- [DATA]:
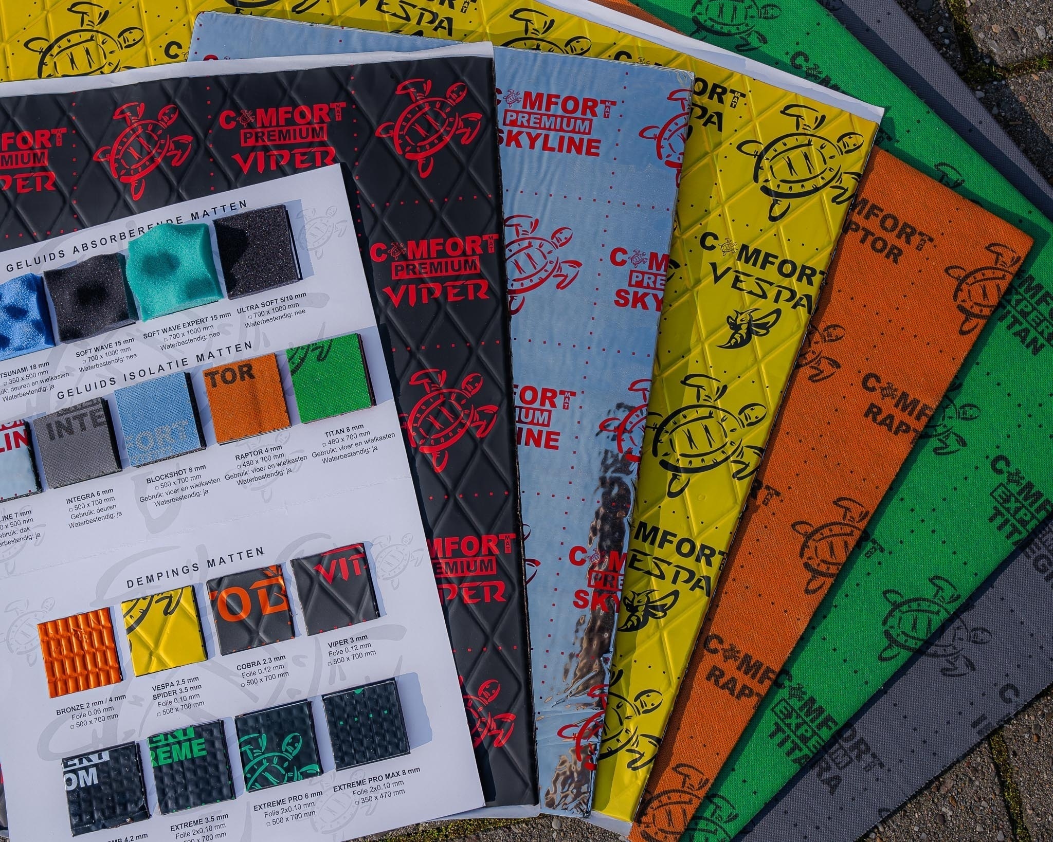 Geavanceerde 1-laags technologie die trillingen dempt én luchtgeluid isoleert, met minder gewicht en een strakke afwerking.
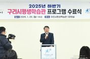 (중앙뉴스타임스 = 방재영 기자) 구리시는 지난 26일 구리시 평생학습관에서 강사와 수강생 등 60여 명이 참석한 가운데 ‘2025년 하반기 구리시 평생학습관 프로그램 수료식’을 개최했다. 구리시 평생학습관은 지난해 9월 8일부터 『교구 놀이 수학지도사』, 『힐링아트 패턴드로잉』 등 신규 강좌를 비롯해 『프랑스 자수』, 『일본어』, 『시니어 영어』, 『분노 조절 지도사』 등 총 65개 과정을 운영했으며, 이 중 622명이 성실히 참여해 수료했다. 백경현 구리시장은 “평생학습을 통해 꾸준히 성장해 나가는 시민 여러분께 존경과 격려의 박수를 보낸다”라며 “앞으로도 시민들이 공감과 소통 속에서 즐겁게 배우고 성장할 수 있도록 지원해, 구리시가 평생학습 도시로 지속적인 발전을 이룰 수 있도록 최선을 다하겠다”라고 말했다. 한편, 2026년 상반기 운영 강좌에 대한 수강 신청은 오는 2월 9일 오전 9시부터 구리시 평생학습 포털을 통해 선착순으로 접수한다.
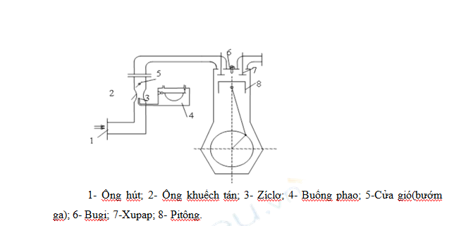 Hình 1-1: Sơ đồ cấu tạo của động cơ có cacbuarator.

- [HOW TO COMPLETE THIS TASK]: Pictures are not part of the copy; retype all the other material exactly.

- [ANSWER]:
 Geavanceerde 1-laags technologie die trillingen dempt én luchtgeluid isoleert, met minder gewicht en een strakke afwerking.
 (중앙뉴스타임스 = 방재영 기자) 구리시는 지난 26일 구리시 평생학습관에서 강사와 수강생 등 60여 명이 참석한 가운데 ‘2025년 하반기 구리시 평생학습관 프로그램 수료식’을 개최했다. 구리시 평생학습관은 지난해 9월 8일부터 『교구 놀이 수학지도사』, 『힐링아트 패턴드로잉』 등 신규 강좌를 비롯해 『프랑스 자수』, 『일본어』, 『시니어 영어』, 『분노 조절 지도사』 등 총 65개 과정을 운영했으며, 이 중 622명이 성실히 참여해 수료했다. 백경현 구리시장은 “평생학습을 통해 꾸준히 성장해 나가는 시민 여러분께 존경과 격려의 박수를 보낸다”라며 “앞으로도 시민들이 공감과 소통 속에서 즐겁게 배우고 성장할 수 있도록 지원해, 구리시가 평생학습 도시로 지속적인 발전을 이룰 수 있도록 최선을 다하겠다”라고 말했다. 한편, 2026년 상반기 운영 강좌에 대한 수강 신청은 오는 2월 9일 오전 9시부터 구리시 평생학습 포털을 통해 선착순으로 접수한다.
 Hình 1-1: Sơ đồ cấu tạo của động cơ có cacbuarator.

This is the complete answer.